▶ [Material provided]
↓↓↓

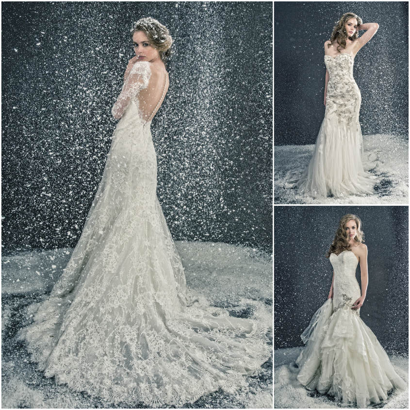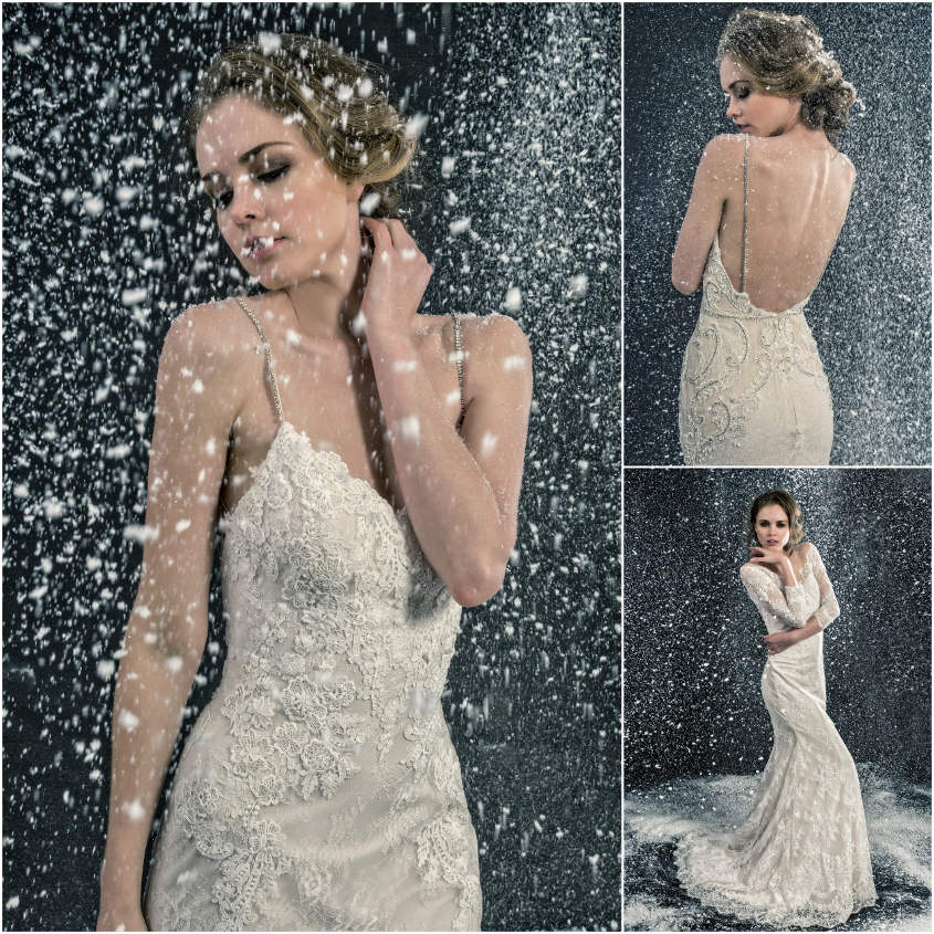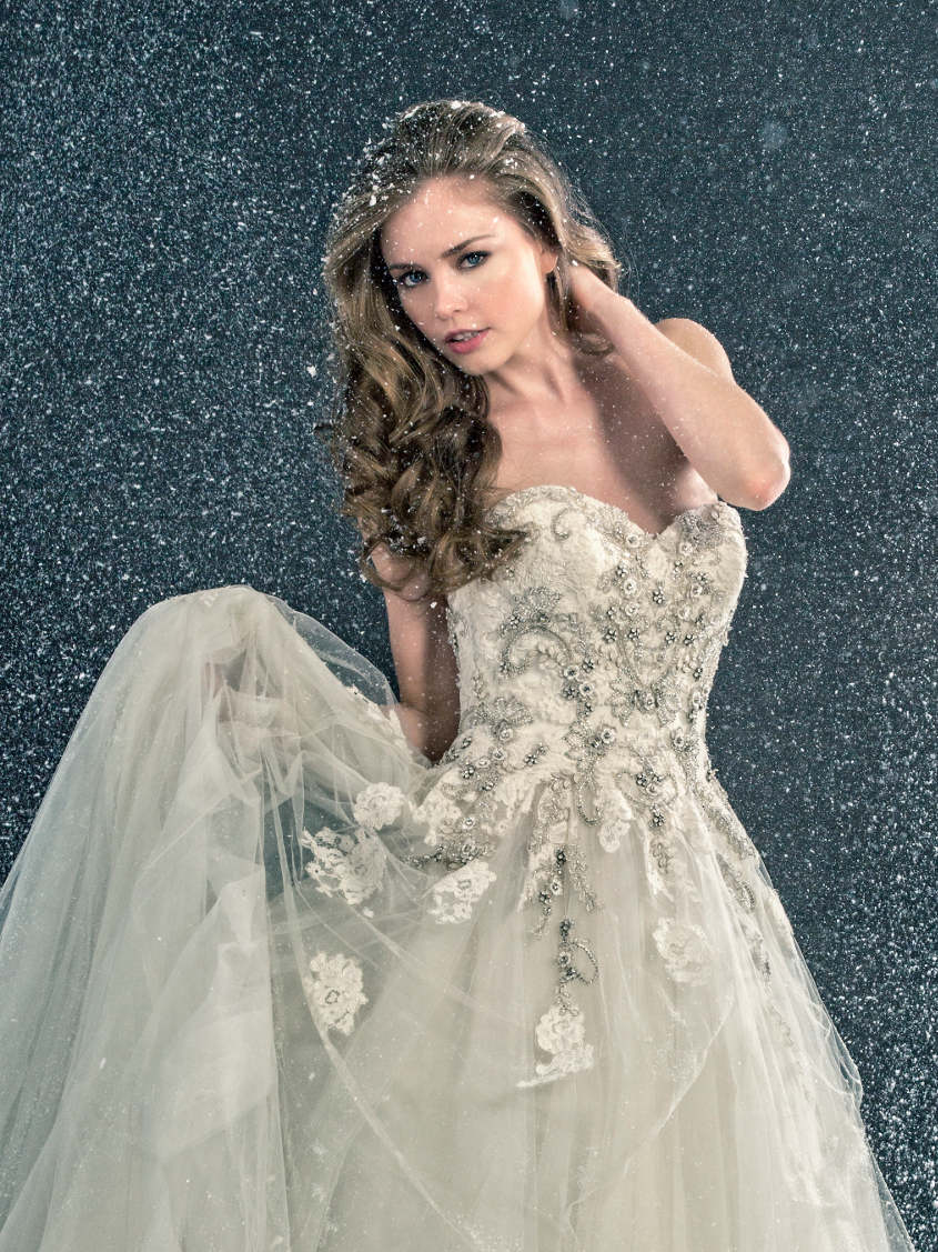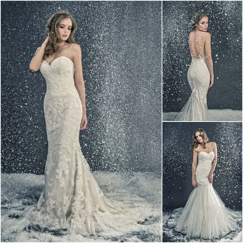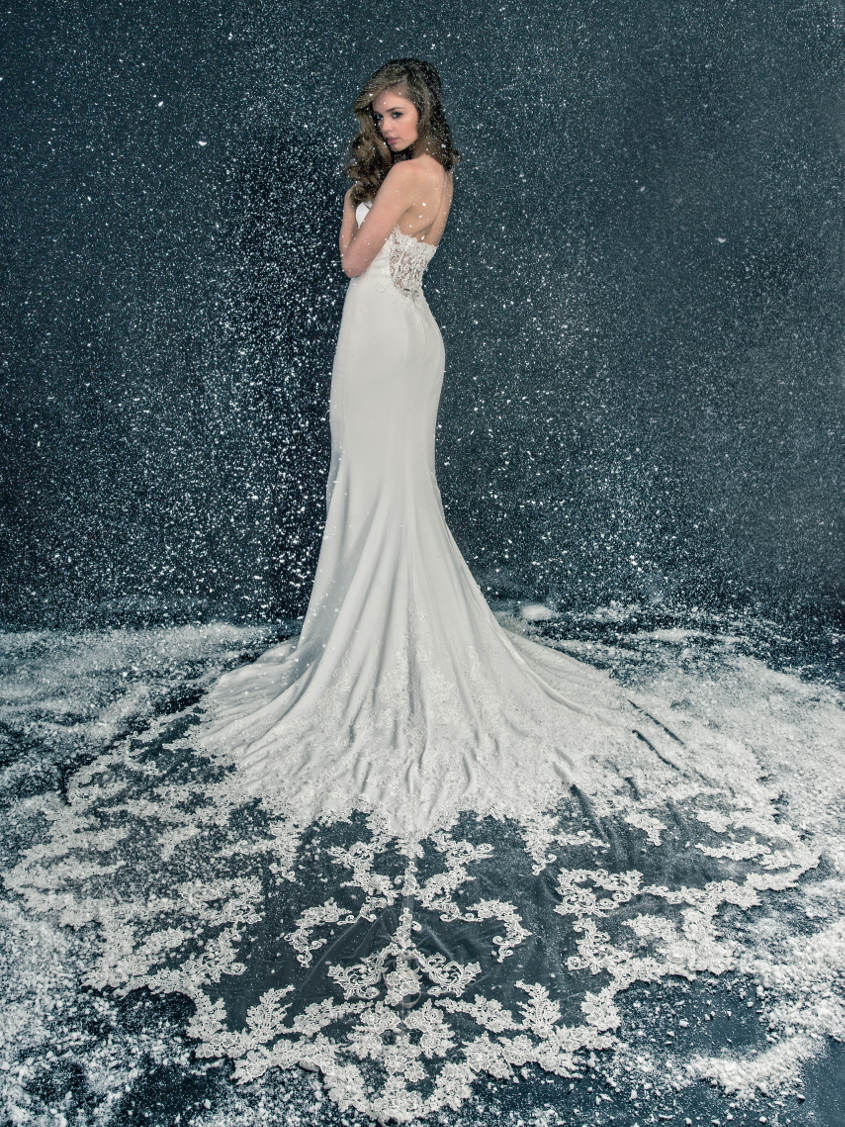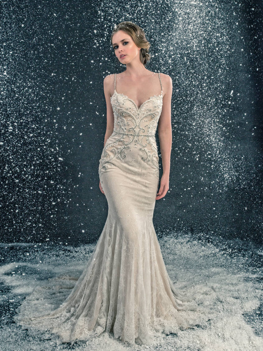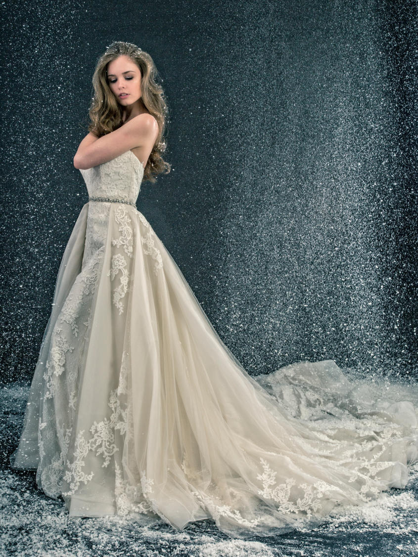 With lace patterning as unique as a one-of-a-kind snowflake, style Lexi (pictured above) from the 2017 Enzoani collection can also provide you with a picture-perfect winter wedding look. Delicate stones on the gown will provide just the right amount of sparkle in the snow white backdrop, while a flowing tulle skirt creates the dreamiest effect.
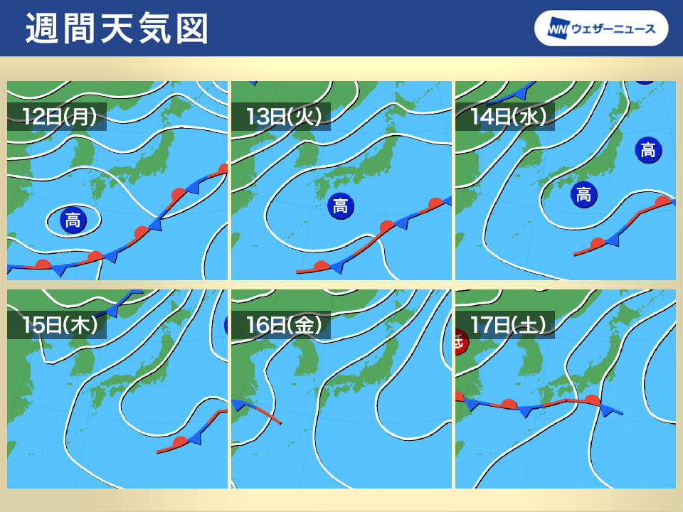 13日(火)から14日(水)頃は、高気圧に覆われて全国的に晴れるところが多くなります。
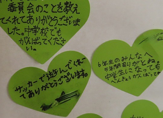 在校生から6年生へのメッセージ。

↑↑↑

▶ [Your instructions] Would you output the data exactly, without any of its images?

▶ [Response to the exercise]
 With lace patterning as unique as a one-of-a-kind snowflake, style Lexi (pictured above) from the 2017 Enzoani collection can also provide you with a picture-perfect winter wedding look. Delicate stones on the gown will provide just the right amount of sparkle in the snow white backdrop, while a flowing tulle skirt creates the dreamiest effect.
 13日(火)から14日(水)頃は、高気圧に覆われて全国的に晴れるところが多くなります。
 在校生から6年生へのメッセージ。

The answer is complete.